● Try it
Under this line are records; the part from the line containing "Смеситель для кухни Ростовская" through the line containing "New coat which" should be repeated exactly. Please exclude pictures.

##########

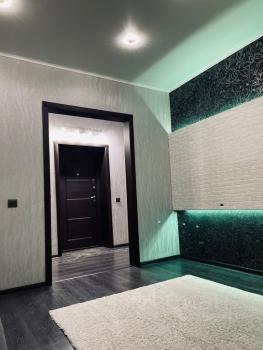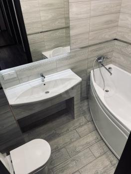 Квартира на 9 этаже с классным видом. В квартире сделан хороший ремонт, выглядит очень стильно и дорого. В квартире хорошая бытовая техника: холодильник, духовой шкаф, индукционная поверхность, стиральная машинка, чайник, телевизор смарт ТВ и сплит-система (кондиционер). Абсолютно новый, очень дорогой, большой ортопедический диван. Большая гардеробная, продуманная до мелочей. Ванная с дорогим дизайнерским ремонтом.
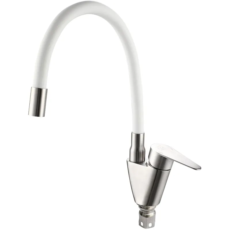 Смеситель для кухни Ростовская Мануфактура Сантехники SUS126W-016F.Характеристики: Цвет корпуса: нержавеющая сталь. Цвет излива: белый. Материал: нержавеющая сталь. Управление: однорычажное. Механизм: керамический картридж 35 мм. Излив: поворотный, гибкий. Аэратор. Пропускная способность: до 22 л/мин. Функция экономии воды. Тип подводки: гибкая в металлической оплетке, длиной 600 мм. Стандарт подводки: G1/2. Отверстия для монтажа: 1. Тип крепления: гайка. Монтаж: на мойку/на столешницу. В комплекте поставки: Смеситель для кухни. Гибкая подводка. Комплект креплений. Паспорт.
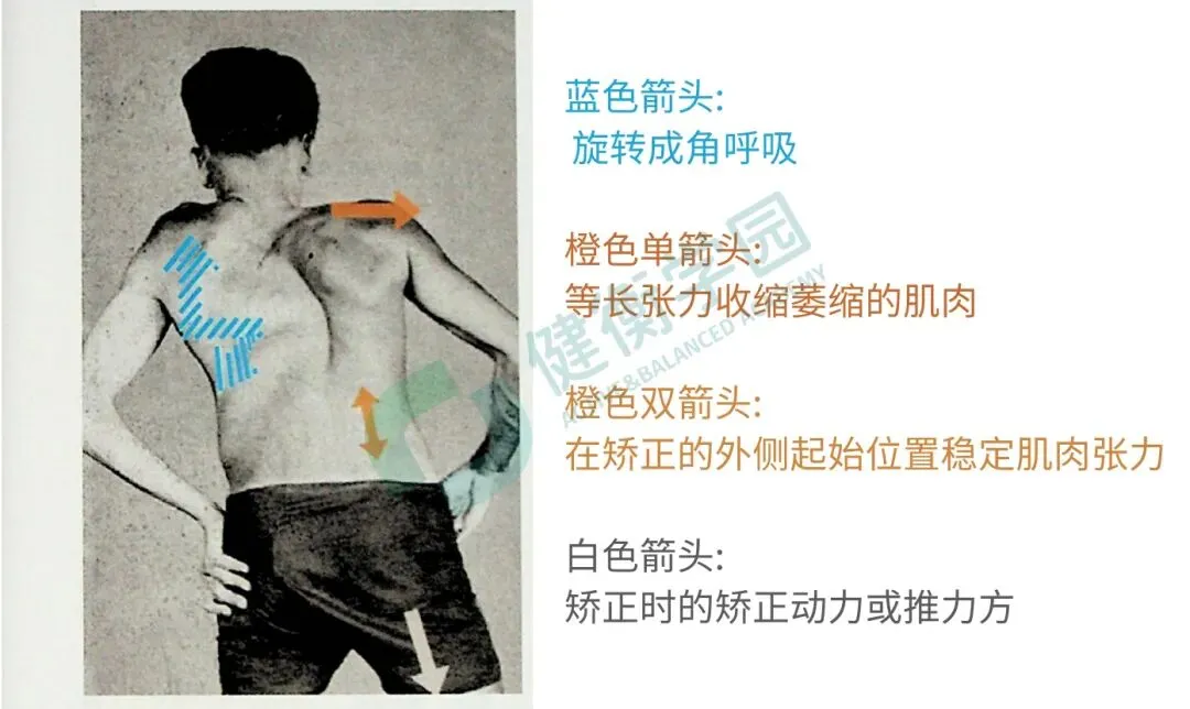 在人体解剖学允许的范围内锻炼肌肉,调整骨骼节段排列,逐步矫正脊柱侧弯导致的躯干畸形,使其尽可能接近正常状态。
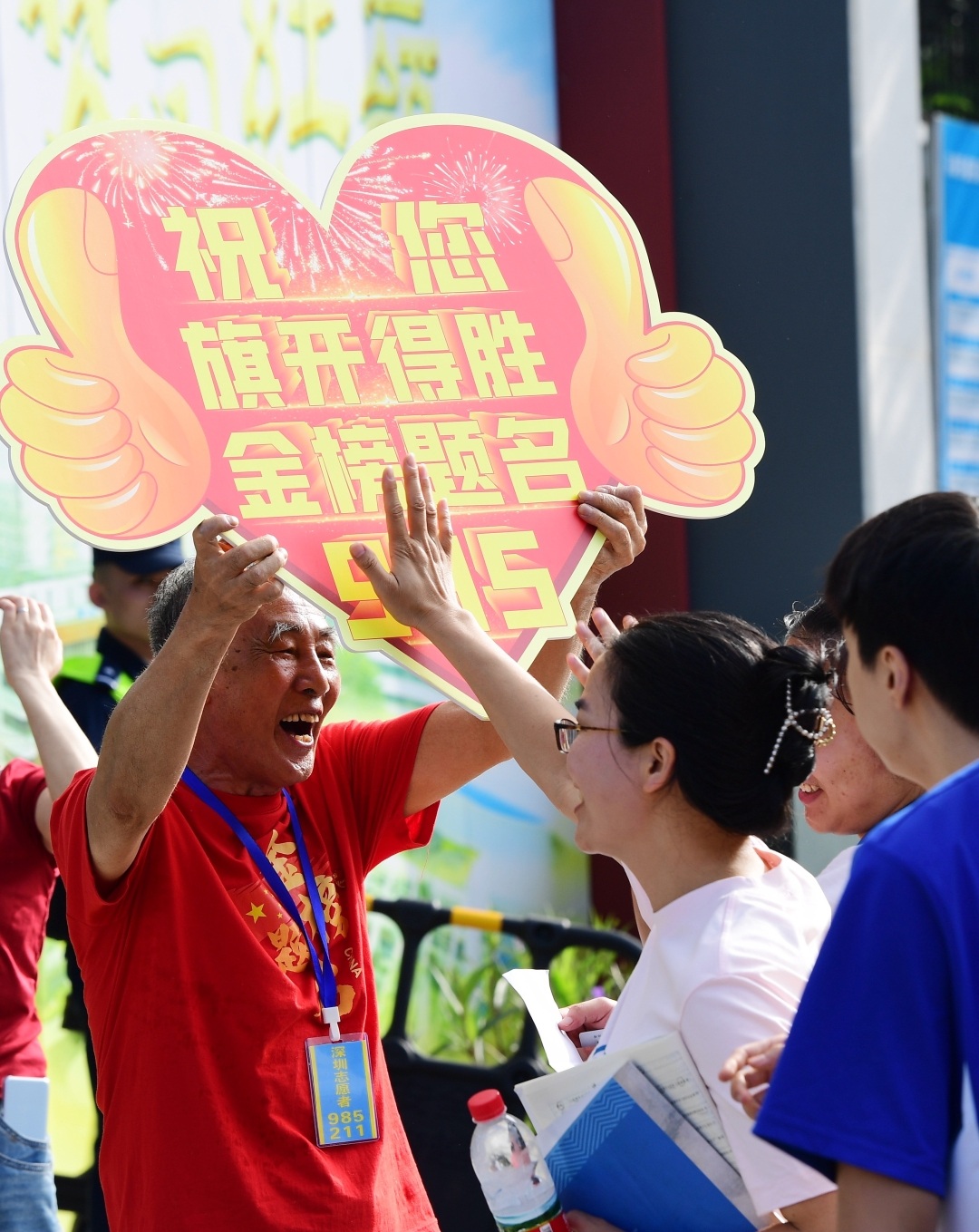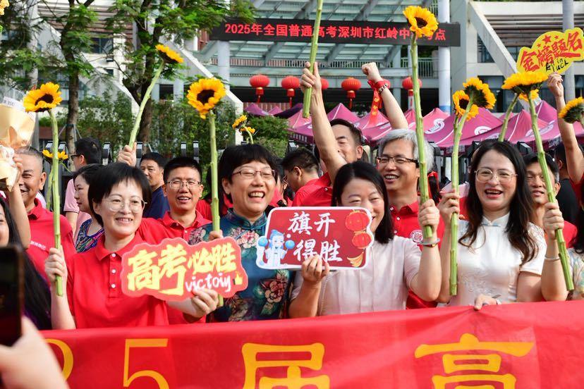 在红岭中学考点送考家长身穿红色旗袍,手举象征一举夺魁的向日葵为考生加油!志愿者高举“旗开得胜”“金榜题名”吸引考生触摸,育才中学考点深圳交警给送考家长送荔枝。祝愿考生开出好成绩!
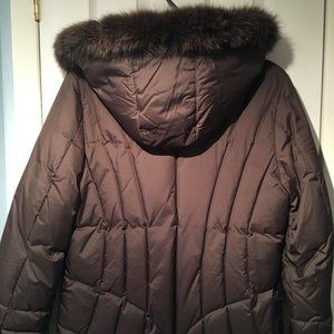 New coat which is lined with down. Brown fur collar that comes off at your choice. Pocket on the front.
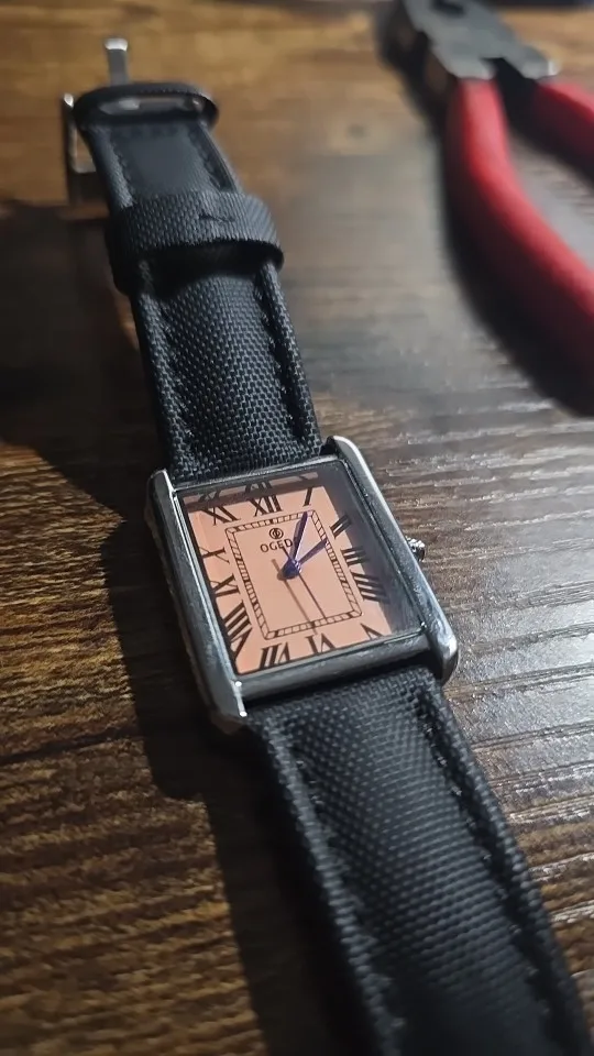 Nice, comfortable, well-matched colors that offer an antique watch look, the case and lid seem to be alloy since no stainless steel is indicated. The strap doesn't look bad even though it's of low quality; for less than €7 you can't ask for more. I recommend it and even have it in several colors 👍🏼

##########

● Completed task
 Смеситель для кухни Ростовская Мануфактура Сантехники SUS126W-016F.Характеристики: Цвет корпуса: нержавеющая сталь. Цвет излива: белый. Материал: нержавеющая сталь. Управление: однорычажное. Механизм: керамический картридж 35 мм. Излив: поворотный, гибкий. Аэратор. Пропускная способность: до 22 л/мин. Функция экономии воды. Тип подводки: гибкая в металлической оплетке, длиной 600 мм. Стандарт подводки: G1/2. Отверстия для монтажа: 1. Тип крепления: гайка. Монтаж: на мойку/на столешницу. В комплекте поставки: Смеситель для кухни. Гибкая подводка. Комплект креплений. Паспорт.
 在人体解剖学允许的范围内锻炼肌肉,调整骨骼节段排列,逐步矫正脊柱侧弯导致的躯干畸形,使其尽可能接近正常状态。
 在红岭中学考点送考家长身穿红色旗袍,手举象征一举夺魁的向日葵为考生加油!志愿者高举“旗开得胜”“金榜题名”吸引考生触摸,育才中学考点深圳交警给送考家长送荔枝。祝愿考生开出好成绩!
 New coat which is lined with down. Brown fur collar that comes off at your choice. Pocket on the front.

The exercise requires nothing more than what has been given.